When you buy a puppy, you may not be aware that it's from a puppy mill. You bring this adorable puppy home and you love him/her, and you play with him, and he/she very quickly owns your heart. A few months later your puppy get sick and you take him to the vet. Over the next few months you've spent thousands of dollars in an attempt to restore the health of your beloved new pet. Within too few months your beautiful new puppy has died because of a disease or genetic defect caused by the over breeding, inbreeding, and the unsanitary conditions at the puppy mill; and a part of your heart goes with him. Now you, too, have become a victim of the horrible, cruel conditions of the puppy mill.

How did that happen? How did you get a puppy mill puppy? You bought him from a reputable pet store. Or maybe you answered an ad in the paper, or bought him on kijiji or e-Bay. Or perhaps you were well aware, but you wanted to "rescue" this one puppy and believed you were doing the right thing. Unfortunately, by rescuing that one puppy you've supported and encouraged the entire puppy mill industry and confirmed to them that there is a market for them to continue torturing these animals. There is only one way to stop the greed of the puppy mill breeder. No customers. No customers equals no profits, and that's the only reason puppy mills exist. Most pet stores sell puppy mill dogs. Some know exactly where these puppies come from and lie about it, and others buy from a third party or broker and are lied to about it. Often the lineage papers are falsified to give the illusion of a pure bred dog. It is an educated guess that there are approximately 10,000 puppy mills in the United States alone. Because puppy mills try to stay in hiding, no one knows for certain. But it is estimated that 60 million puppies are born in puppy mills each year. This is much more than "just a problem". This is a catastrophe of pandemic proportions.
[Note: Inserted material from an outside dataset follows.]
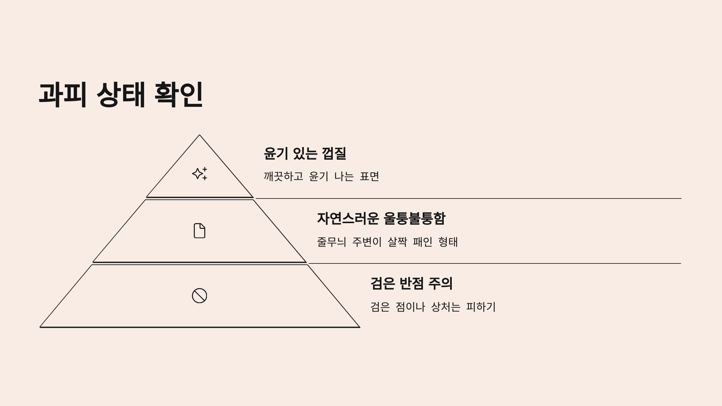 반면, 과피가 거칠거나 검은 반점이 많다면 오래되었거나 상처가 난 경우일 수 있어요.
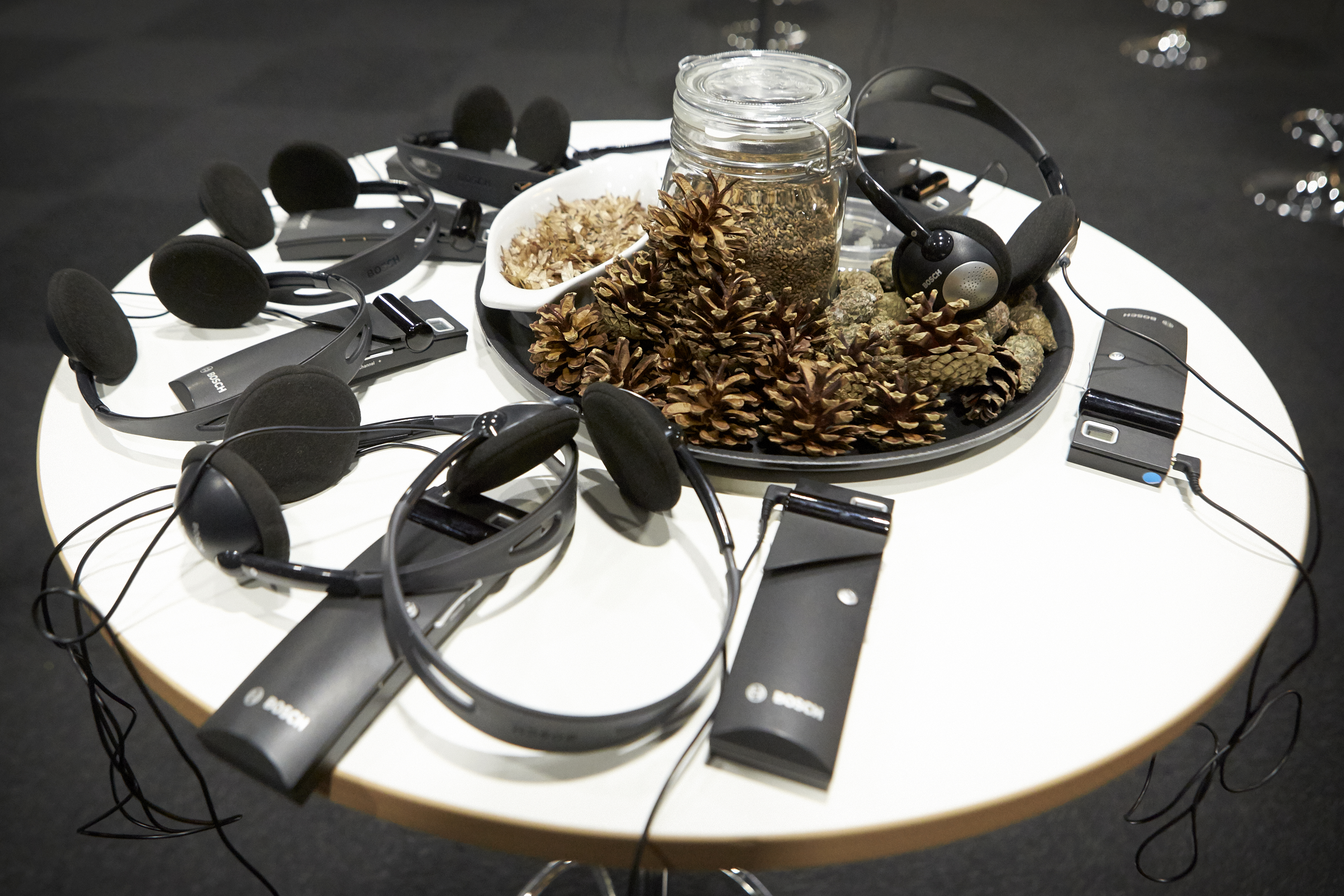 - Beskrivning: Kottar, program, hörlurar, övning, Sveaskogsdagarna 2017, dialog, möte, hela företaget samlat, expo, station

It would be fabulous to have enforceable government legislation to prevent puppy mills. That would help, but it will not eliminate them. There's only one thing that will truly put an end to them completely... an educated public. Only YOU have the power to truly stop them. Millions of dogs are put to sleep each year because of overcrowding. There is really no need to support puppy mills. There is an endless supply of good healthy dogs to adopt; many of them purebreds. Contact your local animal shelter or humane society. If you have your heart set on a puppy or a particular breed of pet, go to a legitimate, licensed breeder. You may have to wait a bit for the proper timing of the next litter, but it will absolutely be worth it. Legitimate breeders breed for the love of these animals; they are committed to improving the breed. Their dogs are well cared for, and the parents are screened for genetic diseases. To find a good breeder you can start by asking your local Veterinarian for a referral.

Here's a tip to ensuring you're dealing with a legitimate agency or breeder. A true, reliable breeder will never sell to a pet store. You will likely be asked to fill out an application and go through an interview process before you are given a dog. If someone just gives you a dog because you want one and have money; that should be a huge "red flag". Good breeders and shelters are interested in matching our canine friends with appropriate, responsible families that will treat the dog properly and give the dog a good home.
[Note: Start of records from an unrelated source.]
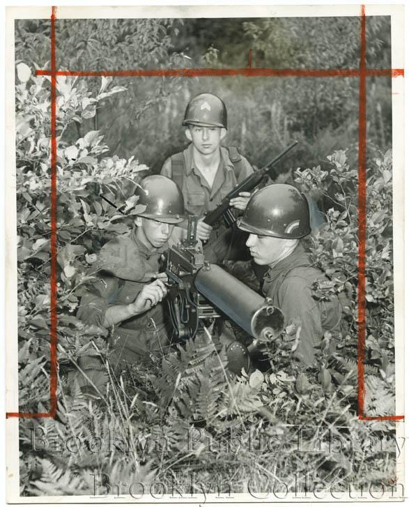 | Description: | Three soldiers with machine gun and rifle in field with dense vegetation. Caption on verso: "PINE CAMP DRILL: As part of Brooklyn's 106th Infantry Regiment annual field training at Pine Camp, N. Y. [later known as Fort Drum], three borough boys demonstrate the fineries of a 30-caliber machine gun. Left to right are Cpl. Joseph Bellow of 161 68th St., Sgt. Donald Latridis of 212 Autumn Ave. and Pvt. Joseph Koch of 7101 Colonial Road." |
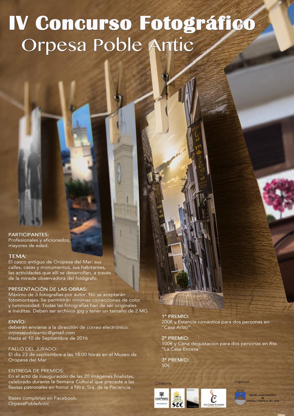 El Ayuntamiento de Oropesa del Mar, a través de la Concejalía de Cultura y con la colaboración de la Societat Orpesina de Cultura, convoca el IV Concurso fotográfico 'Orpesa poble antic'.
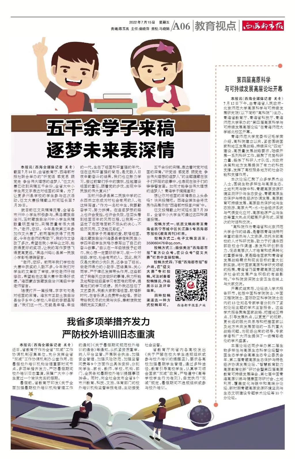 西海都市报:第四届高原科学与可持续发展论坛开幕
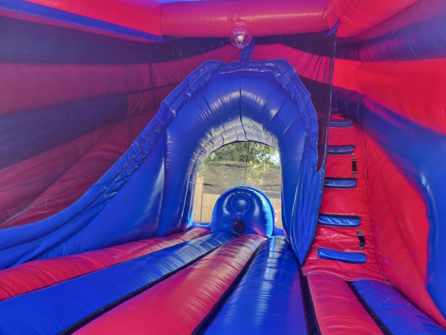 This unique unit has a large bouncing area coupled with, would you believe it, a curved 10 foot platform slide.
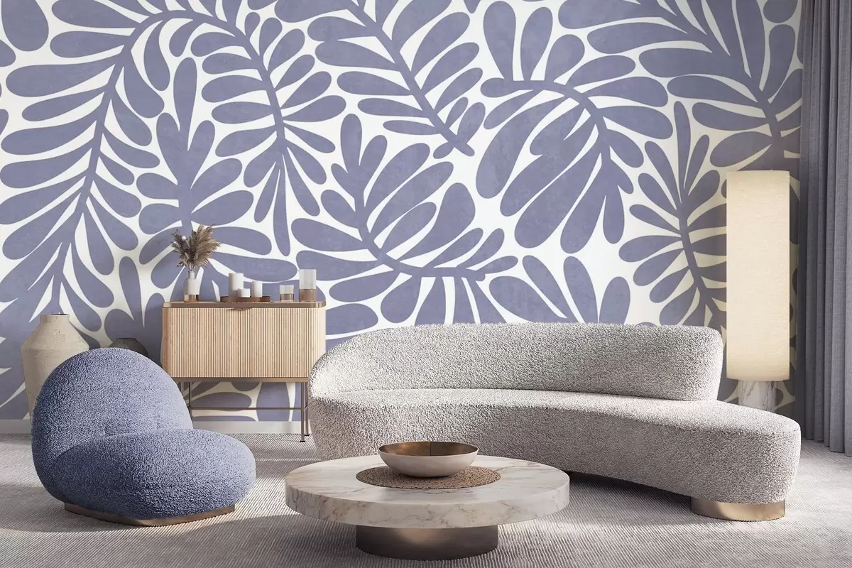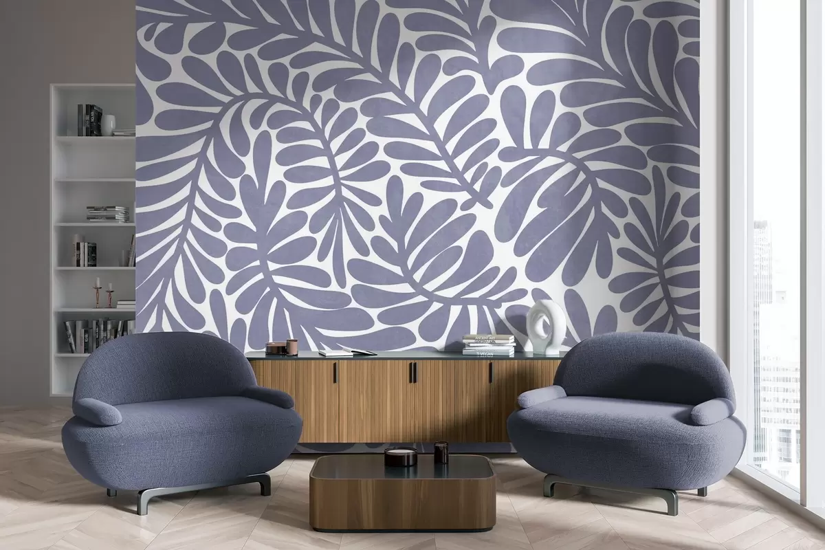 Fototapet Frunze albastru deschis stilizate pe un fundal deschis, ilustrație cu textură Nr. w09775v1

You should always be welcome to visit the home where your potential new dog was born and raised to date. If, for any reason, you are refused this request, you are likely dealing with a puppy mill. Don't get scammed by a puppy mill. Some ads over the internet or in the newspaper may offer "free to a good home" dog. Then they charge $300-$500 for shipping and possibly bogus medical attention (check-ups or shots for example). Don't fall for it! For more information about puppy mills visit the ASPCA (the American Society for the Prevention of Cruelty to Animals) or the CFHS (Canadian Federation of Humane Societies)

So choose your pets wisely and remember to hug them today.